2.      Make sure your relationship has a strong foundation before you part. Take time to get to really know one another before you have a long time apart. A month of dating is probably not enough time to build a strong relationship before heading your separate ways for the summer. Even if you have dated for several months, any tensions or unresolved issues the two of you had before the separation will only be exacerbated by the challenges of making a long distance relationship work. It’s worth taking the time to go to relationship counseling (which is free at most universities), reading relevant books, and talking honestly with one another about any problems you know are lurking under the surface. They will quickly come bubbling to the top in a long distance relationship—or they will fester over time and pop up as soon as you see one another again. I think this is why so many school-going couples break up during Thanksgiving break. You can only pretend that everything is fine for so long before you have to deal head-on with the issues that complicate your relationship.

3.      Live a full life on your own. One of the best things you can do for your long distance relationship is to be a fulfilled, independent person within the relationship.
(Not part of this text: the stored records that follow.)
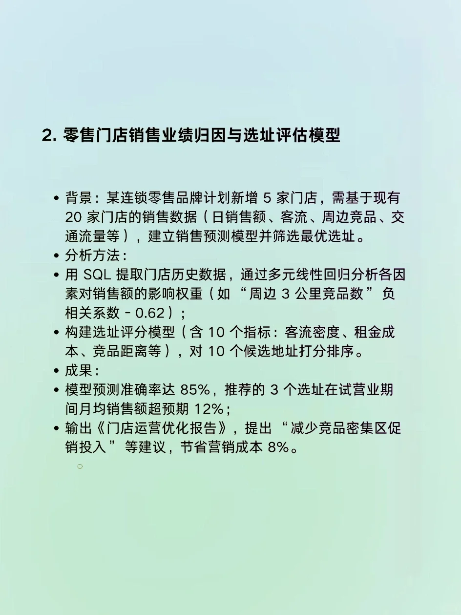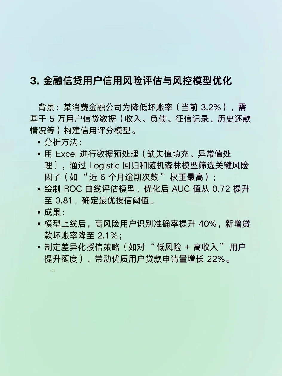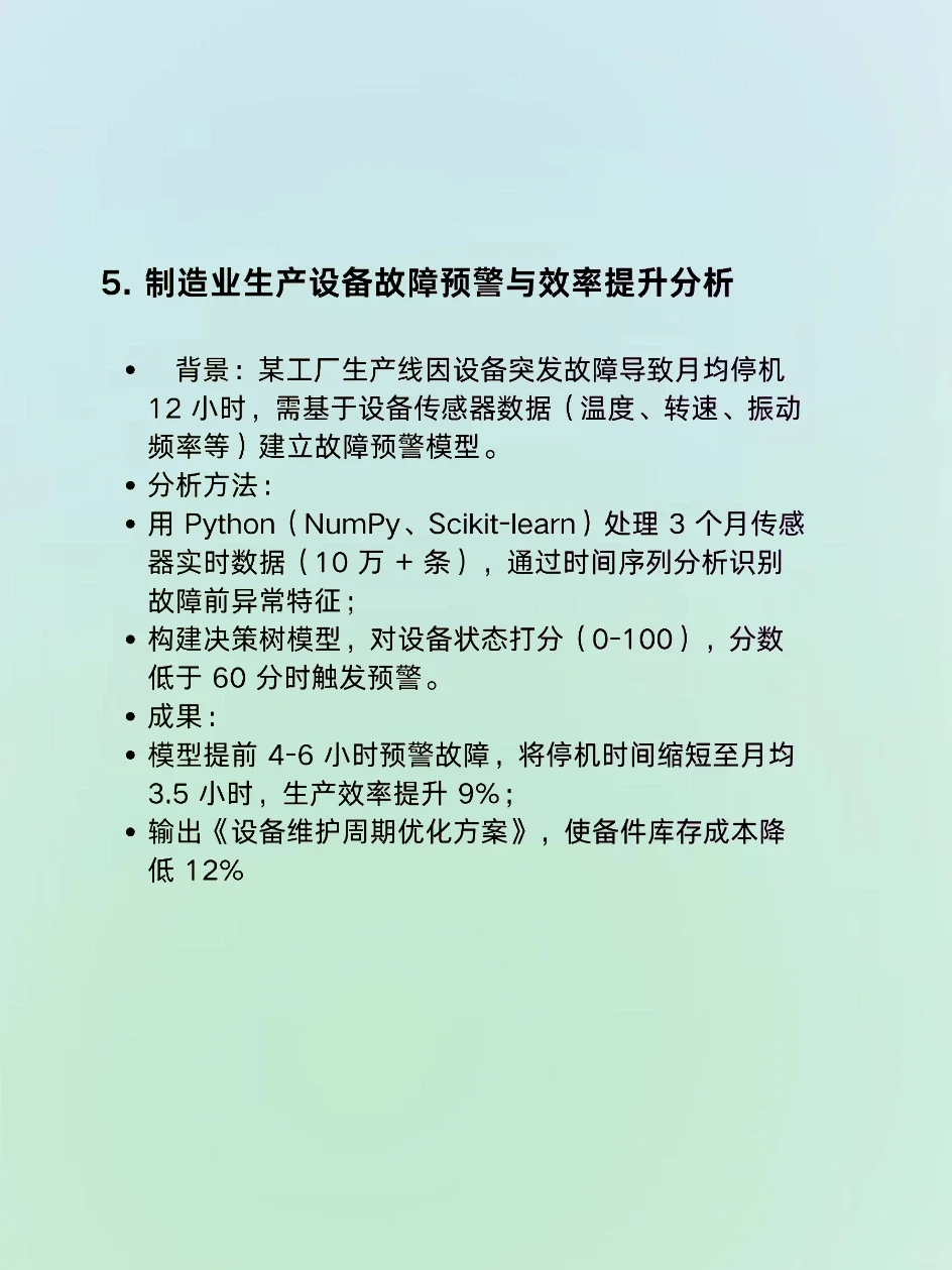 六个可以直接写进简历的数据分析项目 1. 电商用户消费行为分析与运营策略优化 2. 零售门店销售业绩归因与选址评估模型 3. 金融信贷用户信用风险评估与风控模型优化 4. 社交媒体营销效果分析与投放渠道 ROI 优化 5. 制造业生产设备故障预警与效率提升分析 6. 教育机构课程转化率提升与用户分层运营#计算机 #编程 #计算机专业 #数据分析 #数据分析我在行 #互联网大厂 #数据分析转行 #大数据转行 #数据库 #python #sql #数据分析项目 #可视化 #数据分析项目
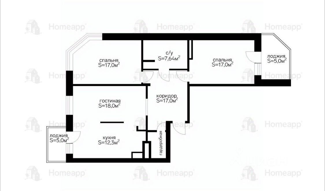 Согласно планировке в квартире: кухня-гостиная 32м, 2 спальни, гардеробная, санузел, просторный холл, 2 квадратные 5-метровые лоджии со светом и розетками.
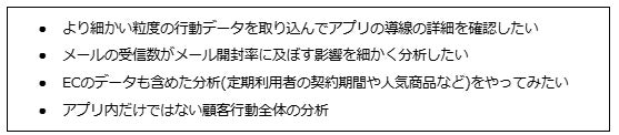 ・分析したい内容・目的を決め、仮説の洗い出し など
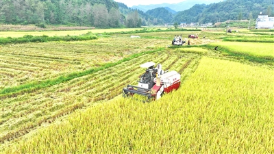9月6日,涂市镇麻田村,农机手驾驶收割机在田间收割水稻。涂市镇万亩优质水稻进入成熟收获季,农机手驾驶收割机在稻田中来回穿梭,抢抓晴好天气加紧收割,一派忙碌景象。近年来,酉阳大力推广高产优质水稻种植,指导种植户推广全程机械化作业,确保水稻丰产丰收,助力乡村振兴。
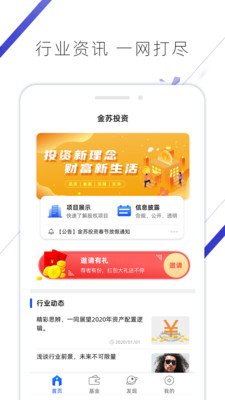 金苏投资APP是一款专业高效的投资理财工具,致力于为用户提供全面、及时的市场动态和投资资讯。通过智能化的信息推送和精准的数据分析,帮助投资者轻松把握市场脉搏,抓住最佳投资时机。平台整合了私募股权、行业研究等多元化服务,让用户足不出户即可享受一站式投资体验。无论是新手小白还是资深投资人,都能在这里找到适合自己的理财方案,实现财富增值目标。
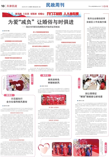 “北辰区将以此为试点,把婚俗改革推向深入。新人来这里领证,可以在公园户外场地免费拍照。我们还将邀请民俗专家、婚姻法律顾问等相关专业人士到场,开展主题宣传活动,向新人推广节俭办婚礼理念。”北辰区民政局社会事务管理科科长宋宏伟说。
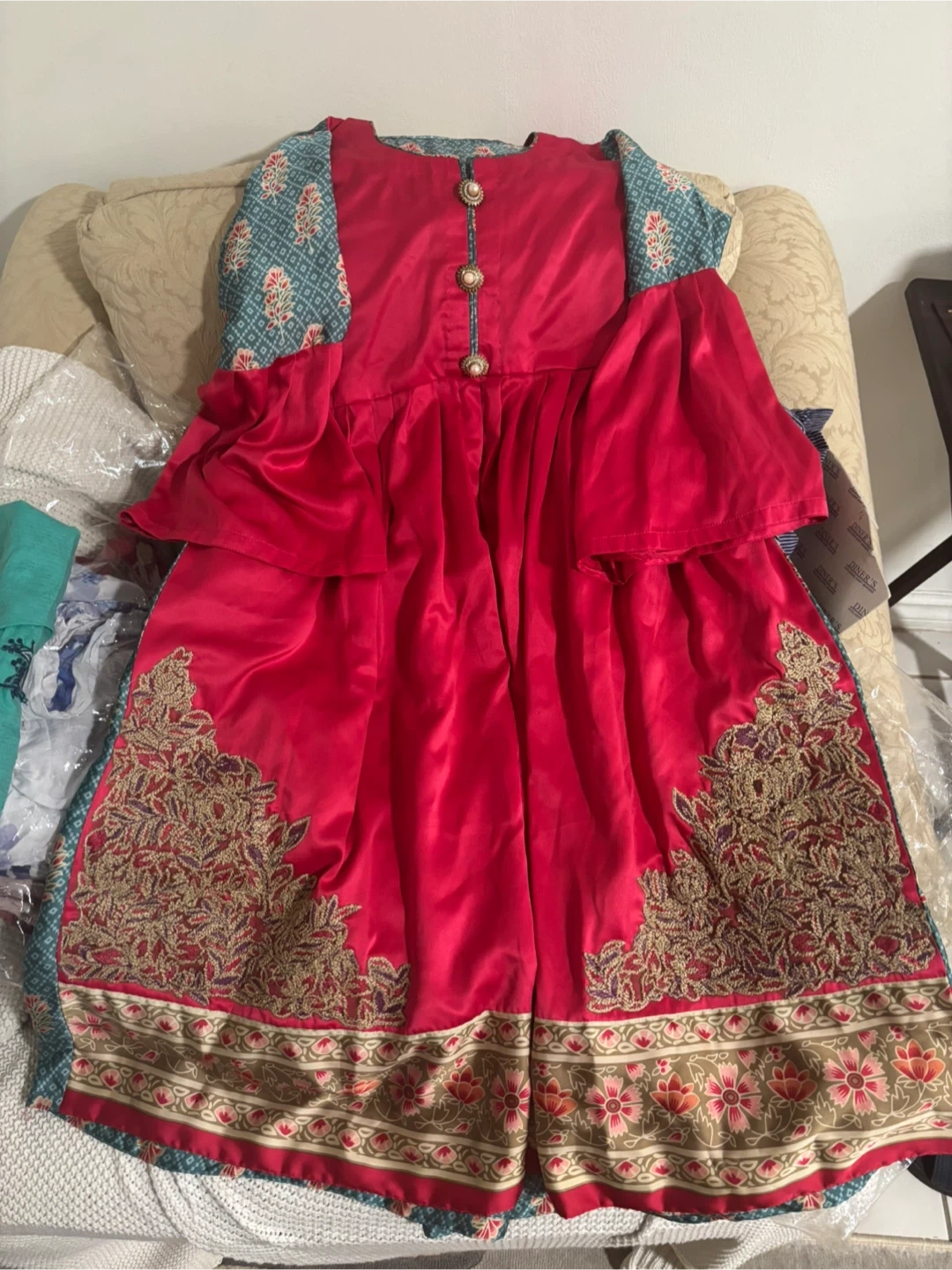 Silk frauq A beautiful dress featuring a vibrant red bodice and a teal patterned back. The dress has intricate gold embroidery along the bottom and a unique design. It's in great condition!

Go out with your workmates and friends, watch your favorite shows, and keep in touch with all your friends who are also spread out across the country. It’s important that the two of you make time to keep in touch, but if you bend over backward to accommodate your significant others’ availability, you will likely carry some resentment into the conversations with you.

4.      Try new ways to be intimate. Since you’re far apart, you’re going to have to find special ways to be close to one another. Try sending one another letters through postal mail instead of emails. The handwritten touch and anticipation will add some excitement to what can otherwise turn into a routine that starts to make the relationship feel obligatory. If your partner’s love language is gifts, send them small tokens of your affection.  And yes, there is always phone sex—which people actually do and I hear that it helps a lot.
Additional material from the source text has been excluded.